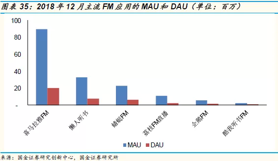 音乐不是唯一的音频娱乐形式,有声阅读和电台(移动FM)也是非常重要的。2018年12月,喜马拉雅FM的MAU已经逼近1亿大关,懒人听书、蜻蜓FM的MAU都超过了2000万。当移动用户的视觉被全面瓜分之后,他们的听觉就成为下一个瓜分对象,这个逻辑很通顺。不过,由于人们花在听觉娱乐上的时间远远少于视觉娱乐,市场规模也会更小。
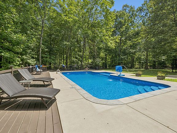 Private Country Oasis on 11+ Acres — No HOA, No City Taxes! Welcome to this beautifully updated home just minutes from Clarksville, set on over 11 acres of flat, wooded land with a deeded private 1,200’ driveway. Enjoy the perfect mix of convenience and seclusion with features designed for comfort, entertainment, and outdoor living. The backyard is a true retreat—featuring a large inground pool with tanning ledge, three pool lights, and three water fountains. A spacious concrete patio and freshly stained deck offer ideal spaces for entertaining. Additional outdoor amenities include fruit trees, a zip line, fire pit, three footbridges, a large storage building, and a fenced chicken coop. The fully fenced backyard—with three access gates—offers nearly an acre for pets to roam. Inside, enjoy LVP flooring throughout the main level and bathrooms, granite countertops, and recently renovated bathrooms including a spa-style primary suite with a freestanding tub. The crawl space is encapsulated for added efficiency and comfort. The septic system has been recently serviced and inspected. Plenty of room for an RV or ATVs—no restrictions here. Don’t miss this rare opportunity to own private acreage with modern updates and resort-style amenities.
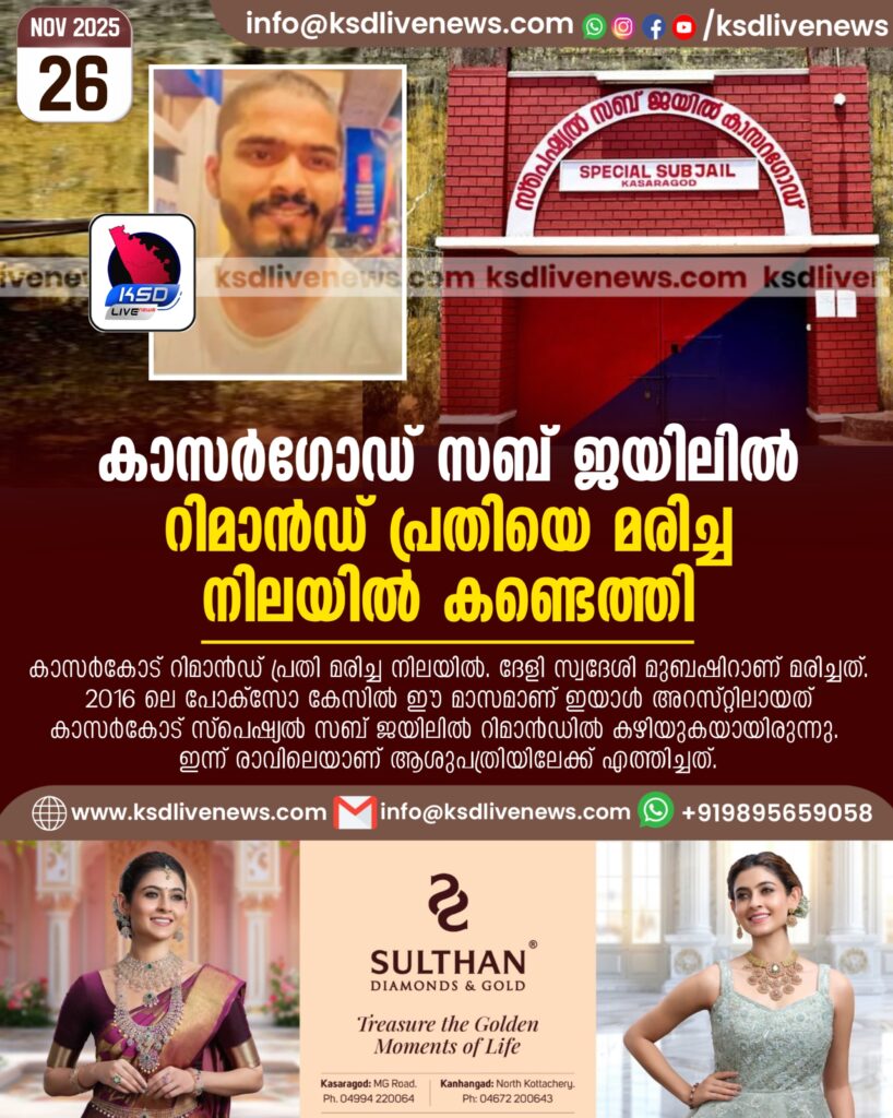 കാസര്‍കോട്: കാസര്‍കോട് റിമാന്‍ഡ് പ്രതി മരിച്ച നിലയില്‍. ദേളി സ്വദേശി മുബഷിറാണ് മരിച്ചത്.2016 ലെ പോക്‌സോ കേസില്‍ ഈ മാസമാണ് ഇയാള്‍ അറസ്റ്റിലായത് കാസര്‍കോട് സ്‌പെഷ്യല്‍ സബ് ജയിലില്‍ റിമാന്‍ഡില്‍ കഴിയുകയായിരുന്നു. ഇന്ന് രാവിലെയാണ് ആശുപത്രിയിലേക്ക് എത്തിച്ചത്.
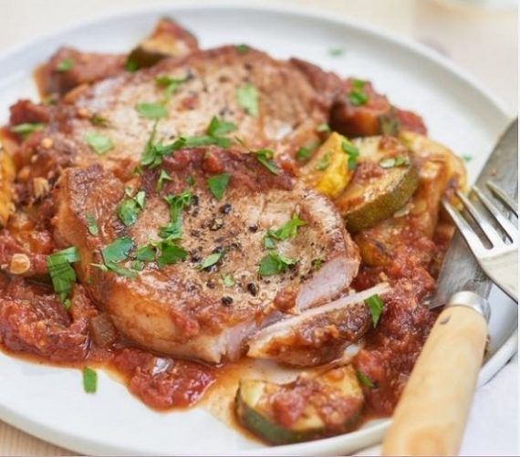 Πέμπτη- Χοιρινά μπριζολάκια με σάλτσα ντομάτας και κολοκυθάκια
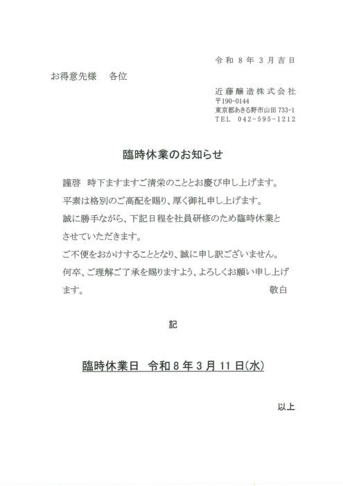 臨時休業のお知らせ 3/11(水)
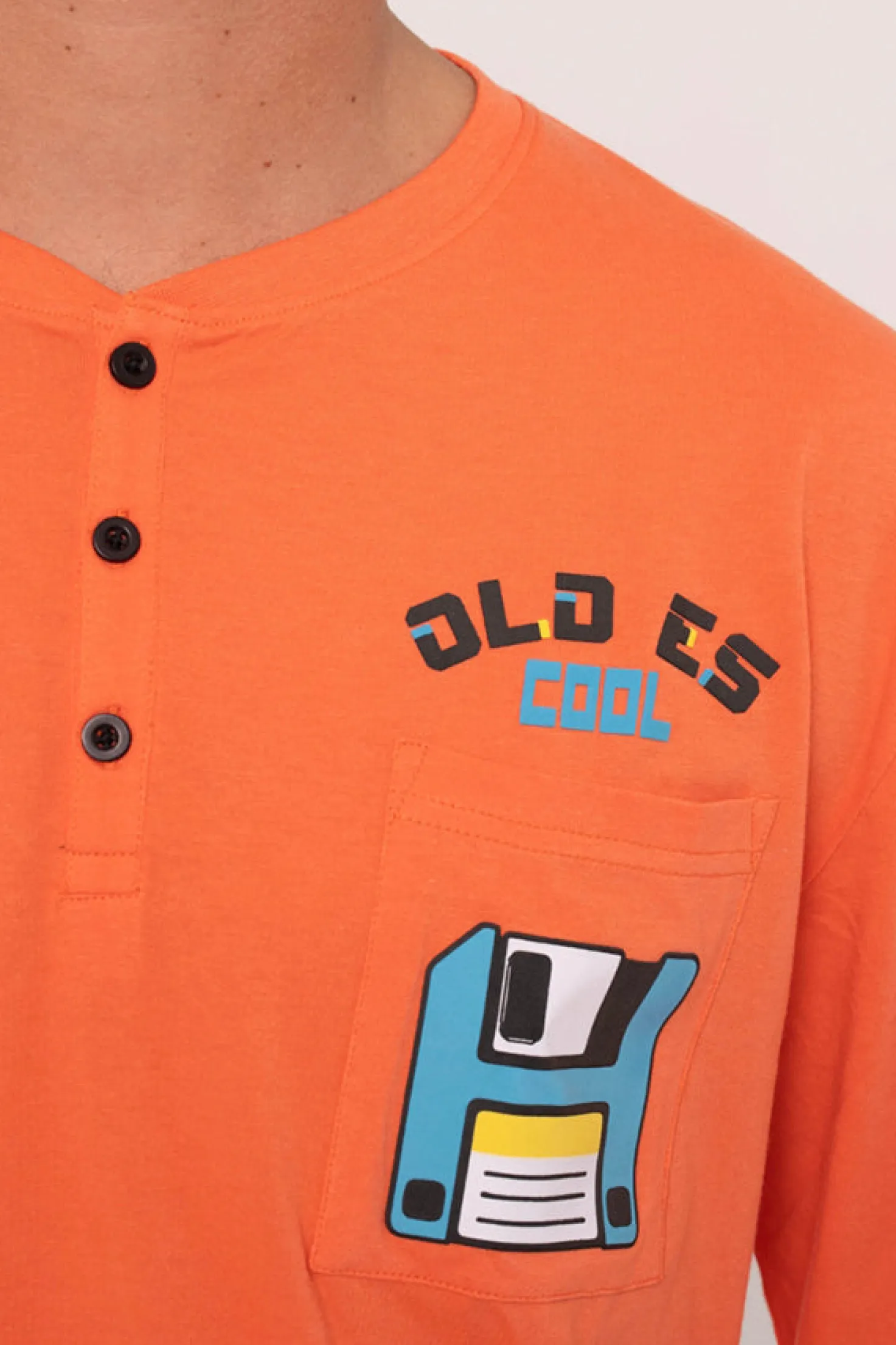 Conjunto de pijama de entretiempo compuesto por camiseta de manga larga y pantalón largo. Confeccionado con algodón. Tejido ligero, fresco y transpirable. Camiseta gráfica con fondo naranja. Pantalón largo estampado con fondo negro, cordón ajustable y bolsillos laterales. Estampado de inspiración retro 90s. Diseño disponible también en corto y en tallaje infantil.

▶ _What to do_: Everything from the line with "Πέμπτη- Χοιρινά μπριζολάκια" through the last line of the listing above is to be copied exactly, both ends included, except the pictures.

▶ _Response_:
 Πέμπτη- Χοιρινά μπριζολάκια με σάλτσα ντομάτας και κολοκυθάκια
 臨時休業のお知らせ 3/11(水)
 Conjunto de pijama de entretiempo compuesto por camiseta de manga larga y pantalón largo. Confeccionado con algodón. Tejido ligero, fresco y transpirable. Camiseta gráfica con fondo naranja. Pantalón largo estampado con fondo negro, cordón ajustable y bolsillos laterales. Estampado de inspiración retro 90s. Diseño disponible también en corto y en tallaje infantil.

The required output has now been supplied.